RTX 4090 - Xid 79 fell off the bus infrequently

Over the last month or two i’ve infrequently been getting Xid 79 errors. It doesn’t have a pattern and I cannot replicate it. Though it has happened over a dozen times this quarter.

What i’ve done:

  1. Replaced the motherboard with a brand new one.
  2. Replaced the PSUs and ensured the PSUs are sufficiently powerful enough. (2000w). The power this PC runs on is also on its own circuit breaker, im not sure if that matters but this room was wired by an electrician to handle the power draw.
  3. Swapped the slots where the GPU is in.
  4. Setup various kernel command parameters: currently: (nouveau.modeset=0 nvidia-drm.modeset=0 pcie_aspm=off).
  5. Turned off acpi in the bios
  6. Updated the drivers to the latest version directly from the .run file, disabling Ubuntu’s own package driver manager.

Stress tests:

  1. Stress-ng (for the system) running perfectly fine and can run it for hours.
  2. memtest86 on the memory to ensure system memory is okay.
  3. GPU Burn by Willicc
  4. Pytorch-benchmark-volta to benchmark the GPU using ML workloads.
  5. Tests are run for at least 3 hours with monitoring of the thermals done via nvidia-smi and exported to a grafana dashboard.

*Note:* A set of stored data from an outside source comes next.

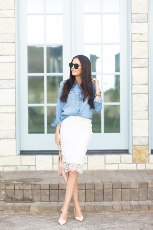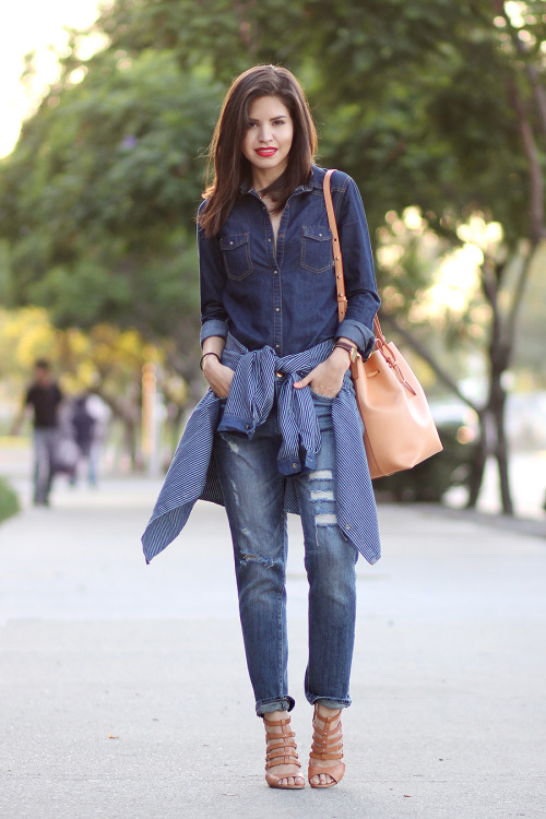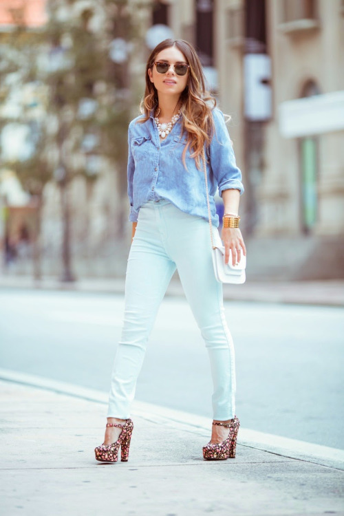 If you don’t already have one, go out and pick up a basic denim shirt. Seriously. Do it now. During the fall, there’s nothing more classic, or more comfy. Learning how to wear a denim shirt is one style trick you can use to create a versatile wardrobe.  Denim shirt is often on lists of “classic pieces you must own”. The denim shirt is a classic, versatile wardrobe staple that can look gorgeous in combination with so many fashion pieces. It is great in casual combinations, but also can look beautiful elegant combinations. For inspiration for outfits with denim shirt check out following outfit ideas.
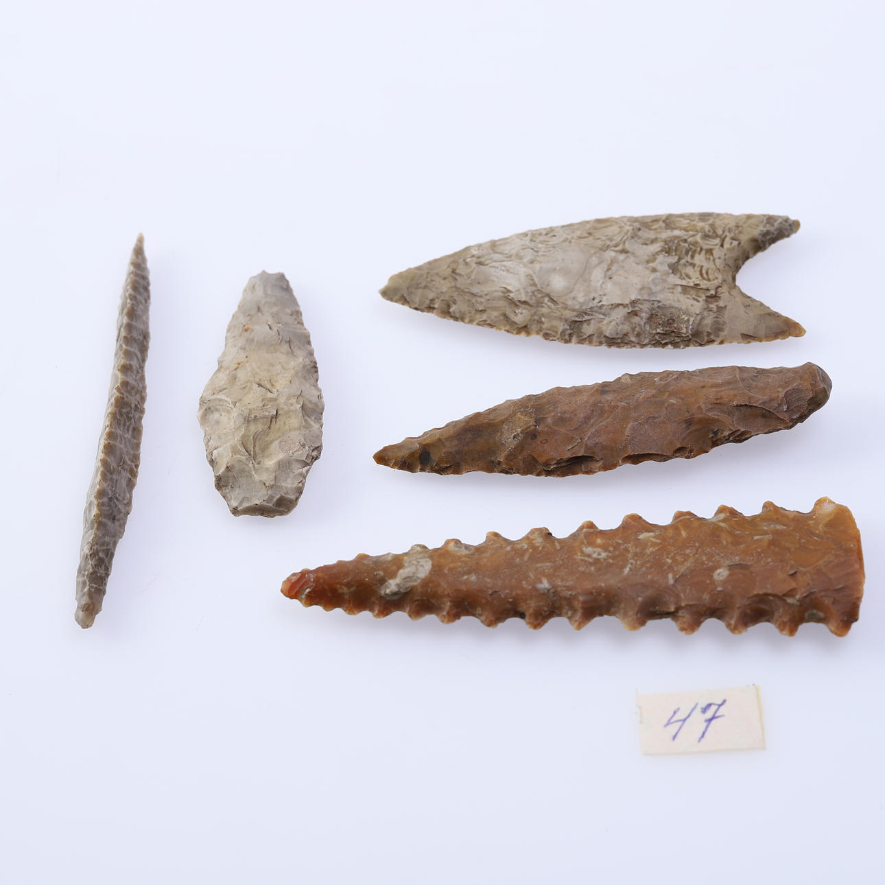 PUNTA DE LANZA DE PEDERNAL, 5 PIEZAS.
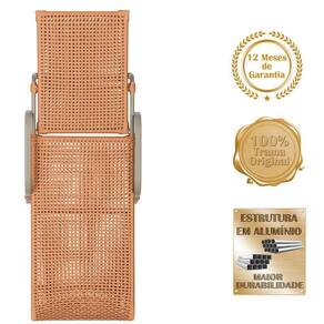 O encosto reclinavel permite ajuste perfeito para seu conforto, enquanto a corda nautica trancada proporciona um toque elegante e ergonomico.
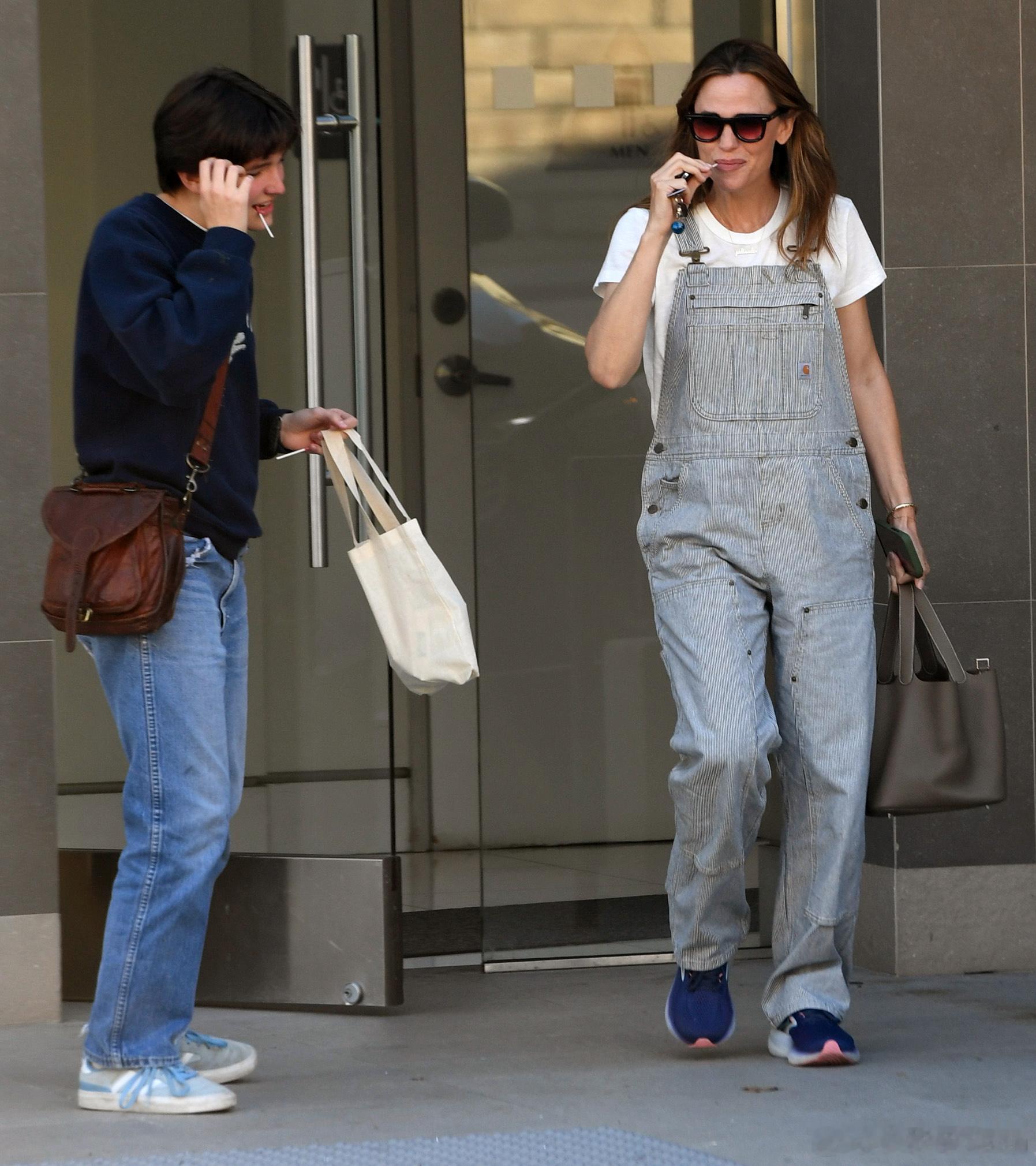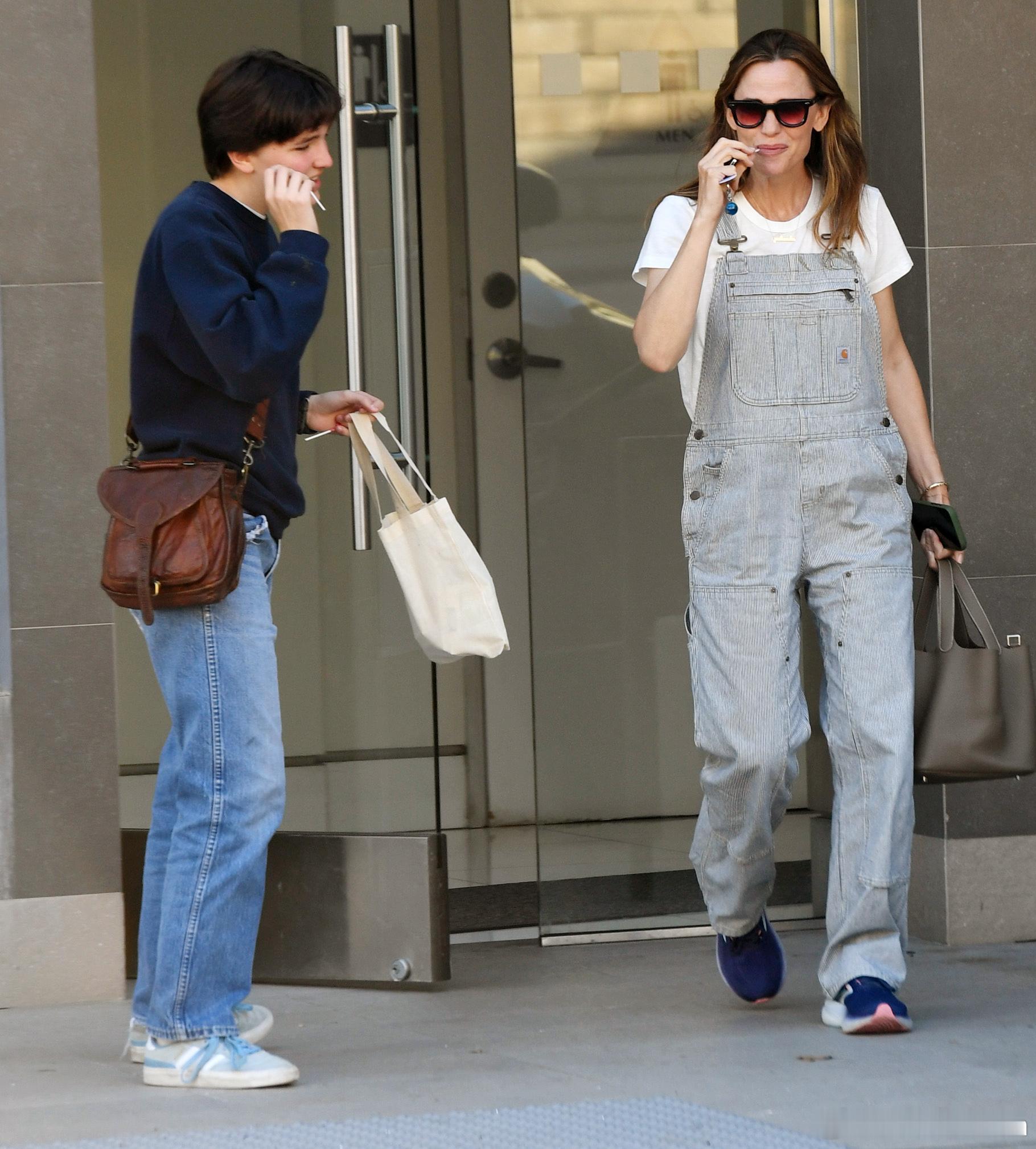 Jennifer garner詹妮弗加纳在洛杉矶外出购物,还有老二Fin陪同,两人还吃起了棒棒糖,也很是可爱了 ​​​

The general issue I cannot replicate by stress tests or by my usual workloads, making it impossible for me to trial and error fixes and confirm that it works. I can run stress tests for 6+ hours and not crash, work for a week or two with no problems then suddenly the GPU will fail while I’m out for Xid 79 with minimal information.

In terms of heat as far as I can see via nvidia-smi while doing a long-running stress tests, the GPU doesn’t get hotter than a 70 - 80c and I tried my best to ensure it gets adequate cooling.

Since the GPU crashed as I was writing this post, I’ve run the nvidia-bug-report.sh, I wasn’t able to upload the report to nvidia’s tickets or via email as it was over 250mb in size, I can snip/trim it and offer it to anyone who needs it.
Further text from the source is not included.